Text embedding models serve as a fundamental component in real-world search applications. However, their ranking fidelity remains limited compared to dedicated rerankers, especially recent LLM-based listwise rerankers, which capture fine-grained query-document and document-document interactions.
In this paper, we propose a simple yet effective unified framework E2Rank, means Efficient Embedding-based Ranking (also means Embedding-to-Rank), which extends a single text embedding model to perform both high-quality retrieval and listwise reranking through continued training under a listwise ranking objective, thereby achieving strong effectiveness with remarkable efficiency. By applying cosine similarity between the query and document embeddings as a unified ranking function, the listwise ranking prompt, which is constructed from the original query and its candidate documents, serves as an enhanced query enriched with signals from the top-K documents, akin to pseudo-relevance feedback (PRF) in traditional retrieval models. This design preserves the efficiency and representational quality of the base embedding model while significantly improving its reranking performance.
Empirically, E2Rank achieves state-of-the-art results on the BEIR reranking benchmark and demonstrates competitive performance on the reasoning-intensive BRIGHT benchmark, with very low reranking latency. We also show that E2Rank's advanced embedding ability on the MTEB benchmark.
Our work highlights the potential of single embedding models to serve as unified retrieval-reranking engines, offering a practical, efficient, and accurate alternative to complex multi-stage ranking systems.

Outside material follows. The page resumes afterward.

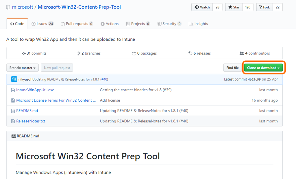 Dazu benötigt man die aktuelle Version vom “Microsoft Win32 Content Prep Tool”, das man von GitHub herunterladen kann.

E2Rank leverages the pseudo relevance feedback signals of the top-K retrieved documents to strengthen query representation. Instead of treating each query-document pair independently, the listwise prompt is constructed by concatenating the query and its candidate documents into a single sequence, allowing the model to capture both query-document and document-document interactions within the candidate set.
During inference, cosine similarity between the pseudo query embedding (generated from the listwise prompt) and each standalone document embedding serves as the ranking function. This formulation keeps the model highly efficient while significantly improving listwise fidelity.
The training of E2Rank follows a two-stage paradigm designed to retain strong retrieval capability while injecting listwise ranking signals into the embedding space.
Stage 1: Training the Embedding with Contrastive Learning
We first train the base embedding model with contrastive learning. This stage ensures strong initial retrieval accuracy and computational efficiency. The model trained in this stage is directly capable of standalone retrieval and serves as the initialization for the unified ranking framework.
Stage 2: Listwise Ranking Enhancement
To further improve the ranking fidelity within the retrieved candidate set, we perform continued training using a learning-to-rank objective, RankNet Loss. Given a query and its top-K retrieved documents, we construct a listwise prompt by concatenating them as pseudo relevance feedback query. During training, we optimize cosine similarity between this enhanced query embedding and each candidate document embedding to align with ground-truth relevance labels. Contrastive learning is also used in this stage. This stage injects rich ranking knowledge into the embedding model, enabling it to serve not only as a retriever but also as an effective and efficient listwise reranker.
As a result, E2Rank unifies retrieval and reranking within a single model.
Effectiveness. As shown in Figure (b), E2Rank achieves state-of-the-art performance on the BEIR benchmark. It consistently RankQwen3 and approaches, demonstrateing that a single embedding model, when properly trained, can perform high-quality listwise reranking without relying on heavyweight generative architectures.
Additionally, E2Rank delivers strong results on the reasoning-intensive BRIGHT benchmark, without any RL training and training data synthesis, showcasing its versatility across diverse ranking scenarios.
Efficiency. E2Rank inherits the advantages of the embedding model, supports batch inference, and can encode document embeddings offline, further reducing online reranking latency. As shown in Figure (c), E2Rank significantly reduces inference latency across all model sizes compared to RankQwen3, achieving up to about 5x speedup at 8B while maintaining superior ranking performance. Even E2Rank-8B model is faster than RankQwen3-0.6B.
Beyond reranking gains, on the MTEB benchmark, E2Rank demonstrates strong embedding capabilities, while E2Rank-8B shows slight performance advantages on average compared to previous advanced models. Notably, compared with the variant with only contrastive learning, distilling from richer ranking signals will bring consistent and significant enhancements in retrieval tasks , demonstrating the effectiveness of the ranking objective.